In a ruling handed down on Friday morning, the court allowed Miller’s appeal, set aside his convictions for accessory before and accessory after the fact to murder, and entered verdicts of acquittal.

The court ordered that a new trial be held "in the interests of justice" in relation to the offence of accessory before the fact. It said this should be done within six months after the conclusion of proceedings in another case in which Miller is currently engaged.

The court further ruled that if the prosecution fails to commence the retrial within that period, the charges are to be stayed unless the delay is attributable to the defence.

Miller had been sentenced in January 2020 to approximately 39 years in prison.
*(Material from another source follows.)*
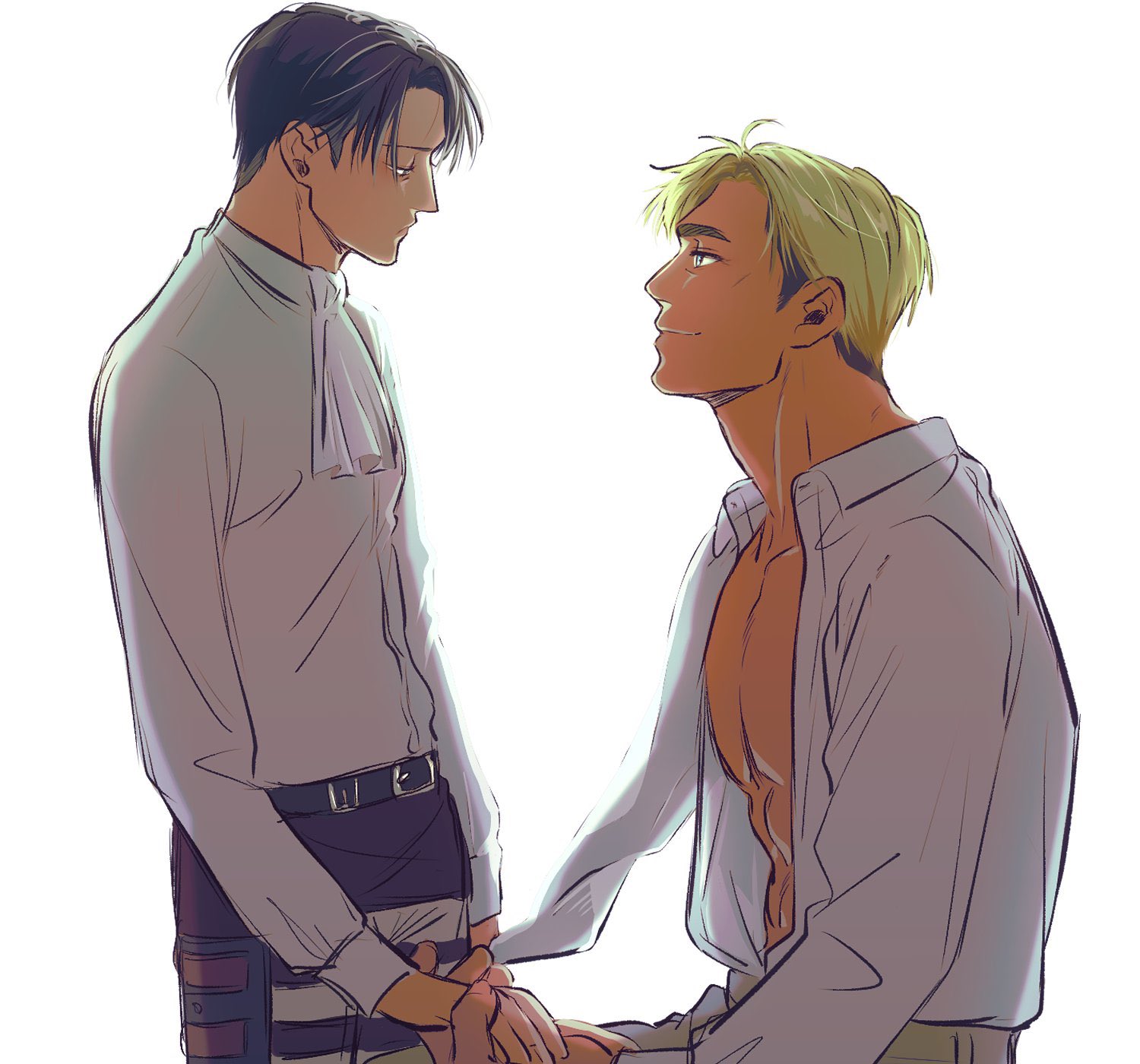2boys abs amputee ascot bare_pectorals belt belt_buckle black_belt blonde_hair blue_eyes brown_hair buckle closed_mouth collarbone collared_shirt commentary_request cotton100_me couple erwin_smith eye_contact highres holding_hands kneeling levi_(shingeki_no_kyojin) long_sleeves looking_at_another male_focus amputee multiple_belts multiple_boys open_clothes open_shirt pectorals pouch profile shingeki_no_kyojin shirt shirt_tucked_in smile thigh_belt thigh_pouch thigh_strap white_ascot white_shirt wing_collar yaoi
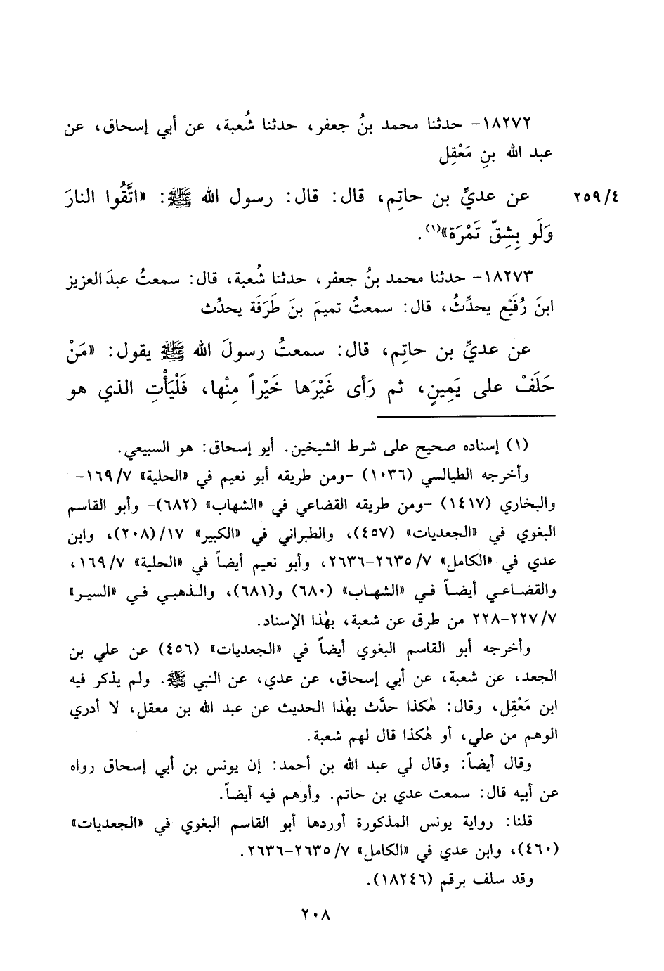 ١٨٢٧٢ - حَدَّثَنَا مُحَمَّدُ بْنُ جَعْفَرٍ، حَدَّثَنَا شُعْبَةُ، عَنْ أَبِي إِسْحَاقَ، عَنْ عَبْدِ اللهِ بْنِ مَعْقِلٍ، عَنْ عَدِيِّ بْنِ حَاتِمٍ الطَّائِيِّ، قَالَ: قَالَ رَسُولُ اللهِ صَلَّى اللهُ عَلَيْهِ وَسَلَّمَ: " اتَّقُوا النَّارَ وَلَوْ بِشِقِّ تَمْرَةٍ " (١)

He got 38 years and nine months for the accessory before the fact and 18 months on the other charge.

His appeal was argued on several grounds, including claims that he did not receive a fair trial.

A written judgment is to be circulated.

Miller is currently before the Home Circuit Court in an ongoing trial involving alleged criminal activities linked to the reputed Clansman gang, which the police allege he leads.

Justice Frank Williams delivered the orders on behalf of the panel that made the decision.

The appeal was heard in 2023 by justices Jennifer Straw, Nicole Foster Pusey and David Fraser.

Miller, who is represented by attorneys John Clarke and Isat Buchanan, has argued that he was found guilty in an unfair trial, which was presided over by Justice Georgiana Fraser.

Fraser is now a Court of Appeal judge.

“The prejudicial evidence led in this particular case was severely overwhelming, incurably wrong and unfair to the accused and that based on that, this court cannot be satisfied that at trial no miscarriage of justice had occurred,” Clarke had argued.

Clarke told the Court of Appeal that Miller was exposed to injustice when the witness, a former member of the gang, claimed that Clansman is responsible for the deaths of 13 members of his family over a two-year period.

The trial judge reduced the man’s life sentence for a murder to 10 years after he entered a plea deal with the prosecution in Miller’s case.

He later testified that Miller ordered another gangster, Andre ‘Blackman’ Bryan, to kill Chambers.

Bryan was acquitted.

Buchanan had also argued that with man accused of Chambers’ murder (the principal felony) freed, the charges against Miller client should have been dismissed based on his view of Section 35 Criminal Justice Administration Act.

The defence also took issue with the trial judge limiting the number of challenges that they could raise at time the jurors were being selected.

Then Director of Public Prosecutions Paula Llewellyn contended that Miller's appeal had no “merit” but if the court finds any, it should allow the State to retry the alleged leader of the Spanish Town-based Clansman gang

She said then that a retrial should be ordered “given the considerable and overwhelming evidentiary material that is available to the Crown and still would be”.

Llewellyn also defended the trial judge for her “impeccable and extremely fair” conduct of the trial “notwithstanding provocation and occasional disrespect from counsel for the defence”.